» **WHAT TO DO**: Please give back, exactly as written, the lines from the line with "Monat. Anmeldung: runbin.janina@gmail.com" to the line with "8. Pearl and" in the listing below, leaving out all pictures.

» **SUPPLIED RECORDS**:

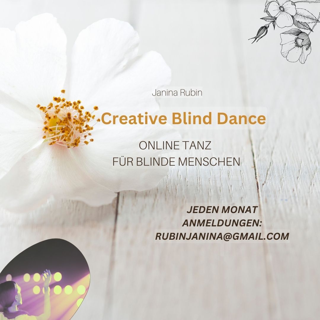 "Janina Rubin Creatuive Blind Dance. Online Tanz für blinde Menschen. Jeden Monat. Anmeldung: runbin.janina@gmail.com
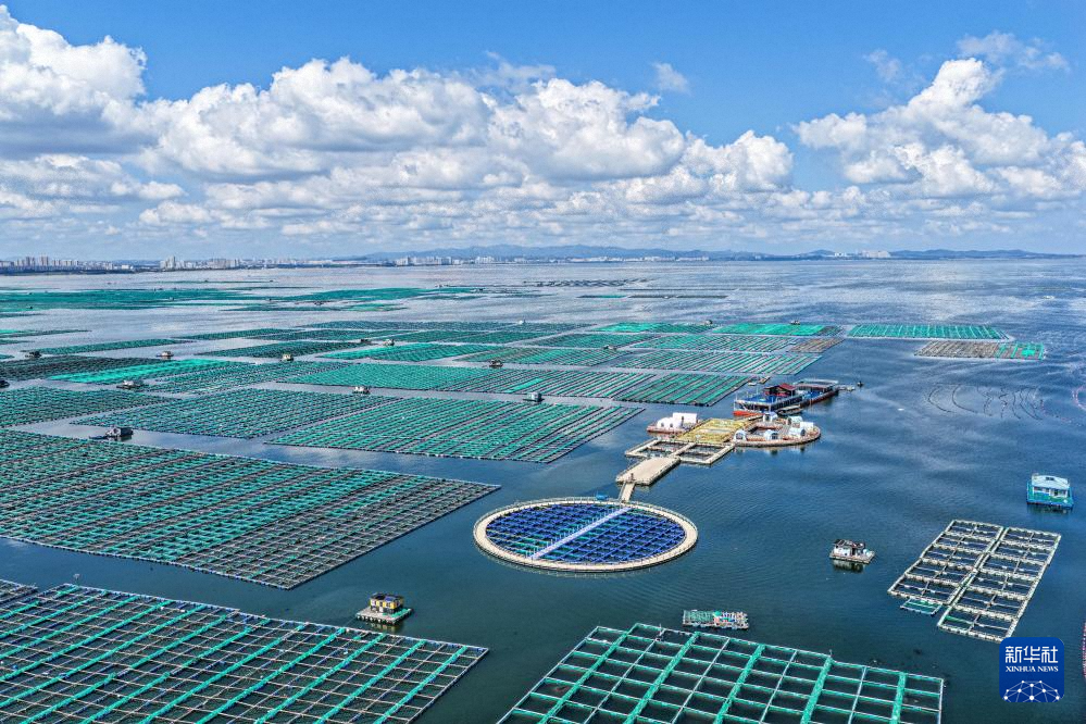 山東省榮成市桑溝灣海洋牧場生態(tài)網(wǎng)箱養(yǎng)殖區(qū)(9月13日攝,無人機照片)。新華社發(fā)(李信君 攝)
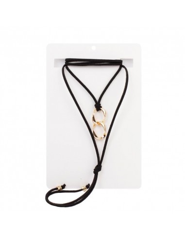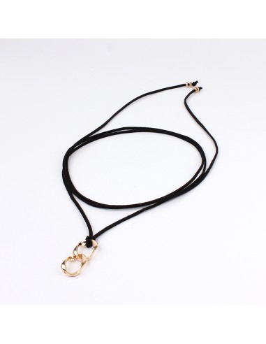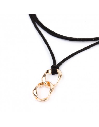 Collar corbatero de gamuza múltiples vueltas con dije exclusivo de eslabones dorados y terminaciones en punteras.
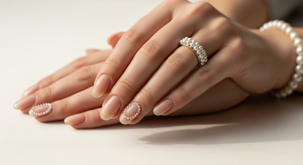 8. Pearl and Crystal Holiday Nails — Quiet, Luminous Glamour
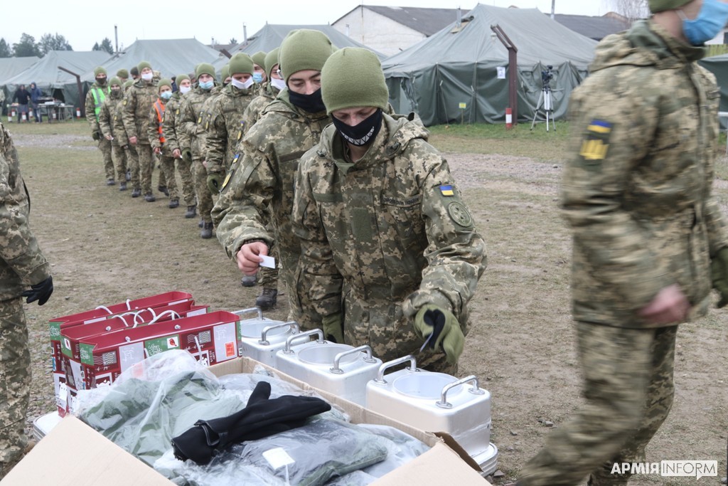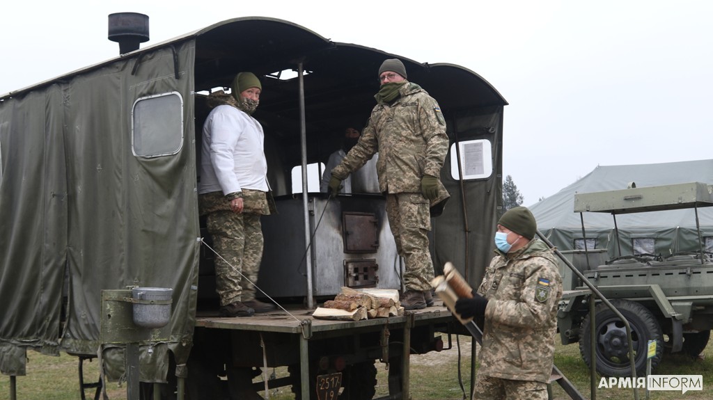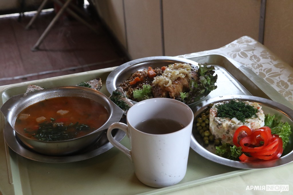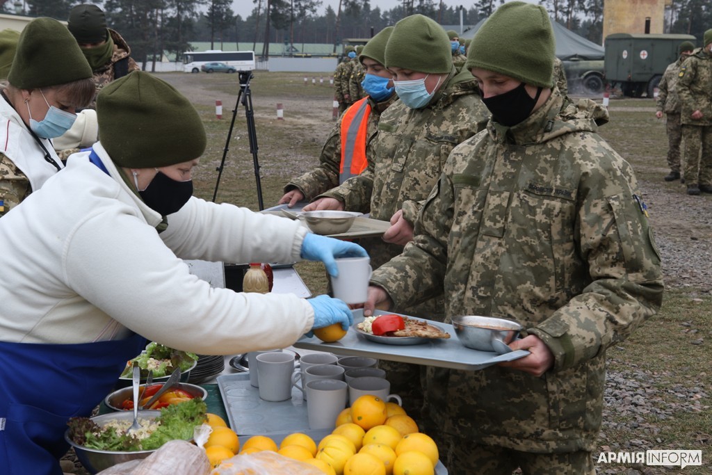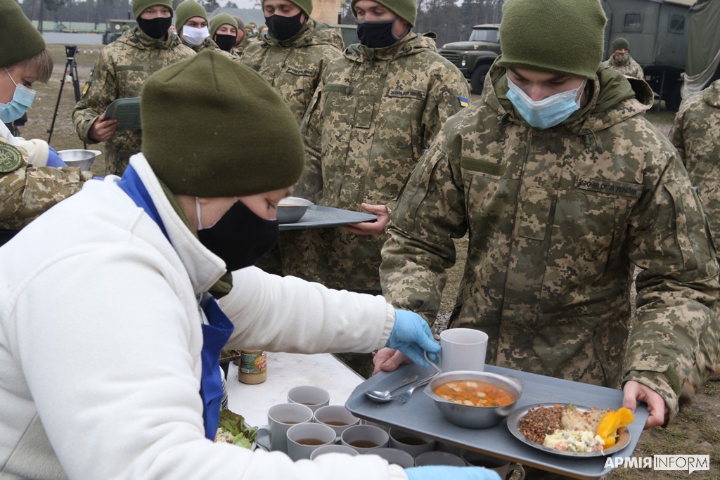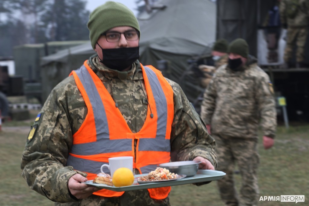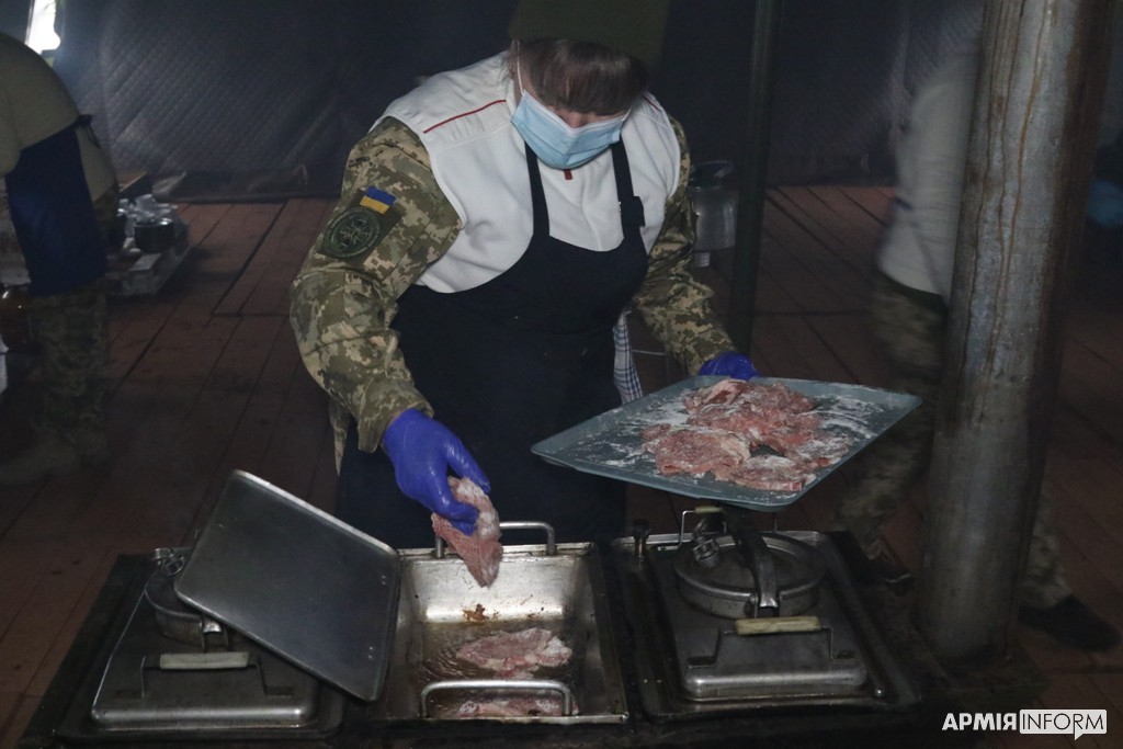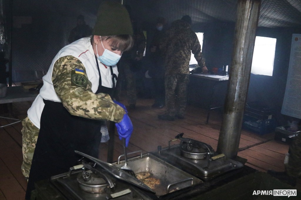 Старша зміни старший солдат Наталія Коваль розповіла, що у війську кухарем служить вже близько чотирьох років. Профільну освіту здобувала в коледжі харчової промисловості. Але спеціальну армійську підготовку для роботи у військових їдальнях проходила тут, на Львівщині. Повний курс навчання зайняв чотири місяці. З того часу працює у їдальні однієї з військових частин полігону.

--

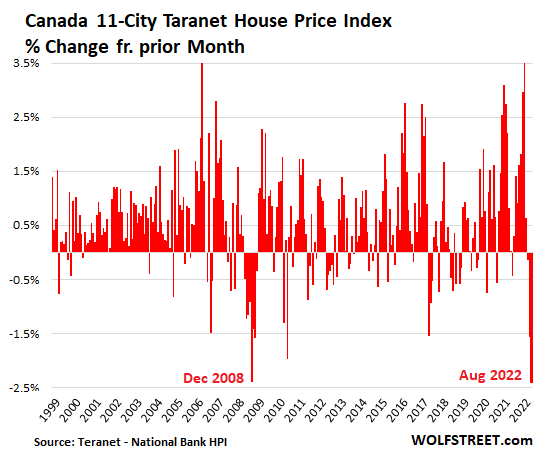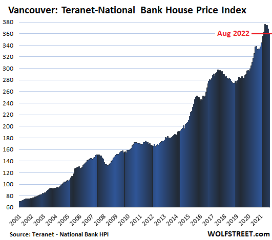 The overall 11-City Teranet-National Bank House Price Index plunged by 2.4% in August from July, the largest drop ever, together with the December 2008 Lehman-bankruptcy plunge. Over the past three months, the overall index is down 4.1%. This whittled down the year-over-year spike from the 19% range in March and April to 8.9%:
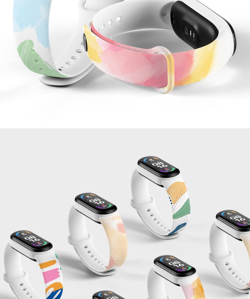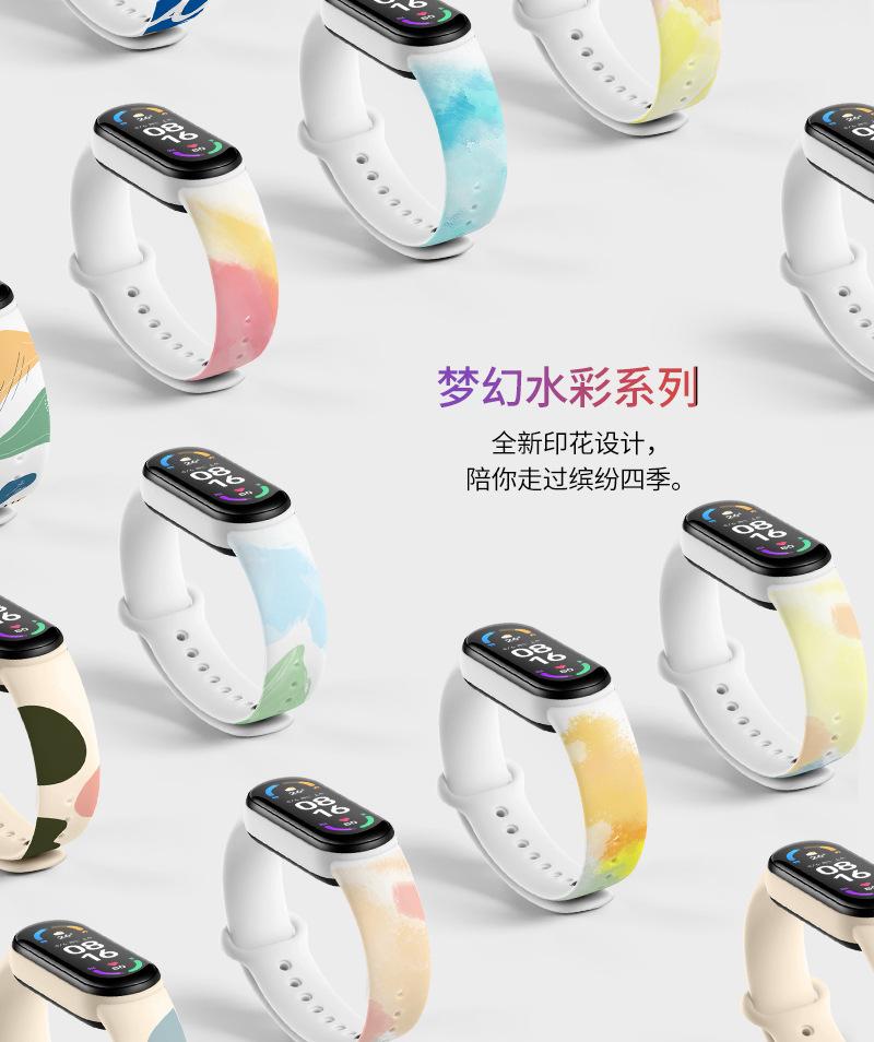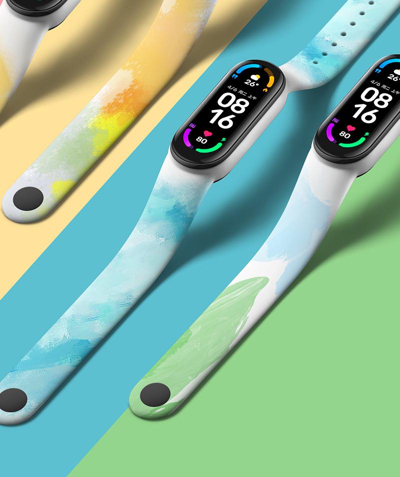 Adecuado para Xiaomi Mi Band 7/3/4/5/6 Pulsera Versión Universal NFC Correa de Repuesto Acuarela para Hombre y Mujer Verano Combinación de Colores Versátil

---

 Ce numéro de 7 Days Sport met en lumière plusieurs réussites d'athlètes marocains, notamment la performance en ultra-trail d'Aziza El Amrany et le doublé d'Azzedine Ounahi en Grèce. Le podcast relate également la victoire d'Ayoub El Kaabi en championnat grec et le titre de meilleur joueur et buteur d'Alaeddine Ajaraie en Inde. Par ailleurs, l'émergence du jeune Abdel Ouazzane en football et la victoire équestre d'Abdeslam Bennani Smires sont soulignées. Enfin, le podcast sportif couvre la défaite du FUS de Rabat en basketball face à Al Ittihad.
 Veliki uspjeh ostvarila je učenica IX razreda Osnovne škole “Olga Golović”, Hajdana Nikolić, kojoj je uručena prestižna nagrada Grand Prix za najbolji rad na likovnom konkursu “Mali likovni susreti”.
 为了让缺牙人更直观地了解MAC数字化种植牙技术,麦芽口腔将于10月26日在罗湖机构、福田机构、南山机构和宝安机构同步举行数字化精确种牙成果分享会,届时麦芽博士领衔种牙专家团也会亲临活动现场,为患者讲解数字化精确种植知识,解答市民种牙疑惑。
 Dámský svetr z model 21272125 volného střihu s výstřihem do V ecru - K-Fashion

» **EXERCISE ANSWER**:
 "Janina Rubin Creatuive Blind Dance. Online Tanz für blinde Menschen. Jeden Monat. Anmeldung: runbin.janina@gmail.com
 山東省榮成市桑溝灣海洋牧場生態(tài)網(wǎng)箱養(yǎng)殖區(qū)(9月13日攝,無人機照片)。新華社發(fā)(李信君 攝)
 Collar corbatero de gamuza múltiples vueltas con dije exclusivo de eslabones dorados y terminaciones en punteras.
 8. Pearl and Crystal Holiday Nails — Quiet, Luminous Glamour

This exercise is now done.